0
votes

I am trying to deploy a node.js application (Dockerized in Artifact Registry) into a GCP Kubernetes cluster... and then also put the service/deployment behind an ingress, so that our static frontend can talk to this application via CORS.

I am able to get the service to work without using ingress (just a standard service/deployment), but the frontend cannot talk to it because of CORS errors. After researching I have learned that I should create an Ingress to control the traffic for this scenario.

I have verified the app is running, both by looking at the GKE Workloads logs (app has started), and also entering the GKE pods (via busybox curl proxy), and am able to curl the GKE service, and it returns the expected responses. So I have determined the issue is restricted to the load balancer traffic not being routed correctly, or denied for some reason. curl from pod to GKE service

The app deployment is configured to run on port 80 everywhere (both in Docker/app, and node port/targetPort).

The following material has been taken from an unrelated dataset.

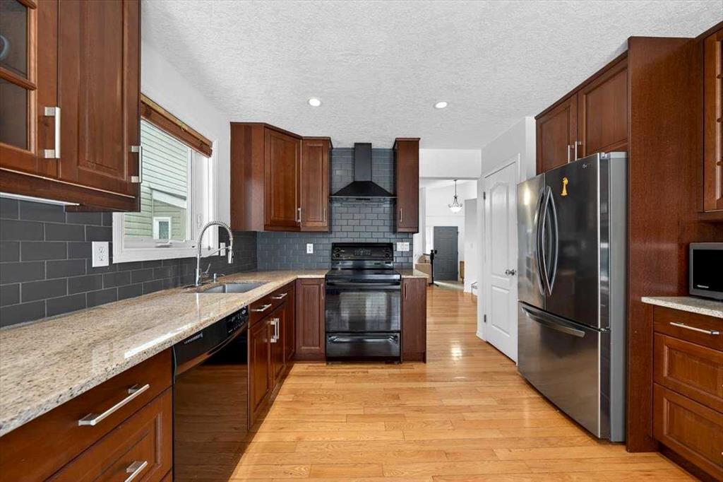*** Open House cancelled***MOVE-IN READY & BEAUTIFULLY UPDATED! Welcome to this freshly painted home in a mature community offering over 2,300 sq ft of fully finished living space with 4 bedrooms and 3 bathrooms, ideally backing directly onto Shawinigan Park with no neighbours behind. Located at 22 Shawinigan Rise SW, this exceptional family home is just a short walk to schools, shopping, and the LRT. Upon entry, you’ll appreciate the new paint throughout, gleaming hardwood floors, updated fixtures, and vaulted ceilings in the living and dining areas that create a bright, open space perfect for entertaining. The fully updated kitchen features stainless steel appliances, custom cabinetry, and stone countertops, ideal for the chef in the family. The main floor opens onto a rear deck overlooking the park, complete with a private gate to Shawinigan Park, professional landscaping, and an irrigation system. Upstairs, the spacious primary bedroom includes an updated 4-piece ensuite and built-in closet organizers, along with two additional bedrooms and another full bathroom. The fully developed lower level offers a HUGE family room with a tile surround gas fireplace, a fourth bedroom, and a full bathroom, perfect for guests or young adults, Finished 4th level with a rare 200+ sq ft private gym, laundry room with sink and a storage area with racks making this a truly outstanding home in an unbeatable location. Check out Virtual Link for more information.

I have enabled the firewalls, both for the node port itself, and also the health checks, as explained in the GCP documentation: Firewalls

The steps I have mostly done are:

  1. Create a new GKE cluster (with HTTP load balancing enabled, though I'm not sure this is necessary because the ingress definition below automatically creates its own load balancer)

  2. Then I applied this deployment + service + ingress configuration with: kubectl apply -f deployment.yaml:

# Main api deployment
kind: Deployment
apiVersion: apps/v1
metadata:
    name: adcloud-api
spec:
    selector:
        matchLabels:
            app: adcloud-api
    replicas: 1
    template:
        metadata:
            labels:
                app: adcloud-api
        spec:

            containers:
                - name: adcloud-api
                  image: gcr.io/ad-cloud-328718/adcloud/adcloud-web-api-image:v1
                  imagePullPolicy: IfNotPresent
                  ports:
                  - containerPort: 80
                    protocol: TCP
                  resources:
                      requests:
                          memory: "32Mi"
                          cpu: "100m"
                      limits:
                          memory: "128Mi"
                          cpu: "250m"
---
# Service for the above deployment
kind: Service
apiVersion: v1
metadata:
    name: adcloud-api
    annotations:
        cloud.google.com/backend-config: '{"ports": {"80":"adcloud-api-backendconfig"}, "default": "adcloud-api-backendconfig"}'
spec:
    #3type: LoadBalancer
    type: NodePort
    selector:
        app: adcloud-api
    ports:
        - protocol: TCP
          port: 80
          targetPort: 80
          nodePort: 32001
---
kind: BackendConfig
apiVersion: cloud.google.com/v1
metadata:
    name: adcloud-api-backendconfig
spec:
    healthCheck:
        # timeoutSec: 10
        # checkIntervalSec: 30
        requestPath: /health
        port: 80
        type: HTTP
  ---
# Ingress for the above service
kind: Ingress
apiVersion: networking.k8s.io/v1
metadata:
    name: api-ingress
    annotations:
        kubernetes.io/ingress.class: "gce"
        gce.ingress.kubernetes.io/enable-cors: "true"
        gce.ingress.kubernetes.io/cors-allow-credentials: "true"
        gce.ingress.kubernetes.io/cors-allow-methods: "GET, POST, PUT, PATCH, DELETE, OPTIONS"
        gce.ingress.kubernetes.io/cors-allow-origin: "*"
spec:
    rules:
        - http:
              paths:
                  - path: /*
                    pathType: ImplementationSpecific
                    backend:
                        service:
                            name: adcloud-api
                            port:
                                number: 80

I have a general health check defined on port 80: health check

The backend services defined for the created Load Balancer show 1 healthy, and 1 other unhealthy because the health checks for it are "timing out". load balancer backends, 1 unhealthy

You can see this backend service is targeting nodePort 32001. Is this correct? I have the app's Dockerfile exposing only port 80, and have port 80 defined everywhere else (ie. in the health checks). Should the backend service here also be using port 80, or should it be using the nodePort 32001? Is there some internal proxy handling that?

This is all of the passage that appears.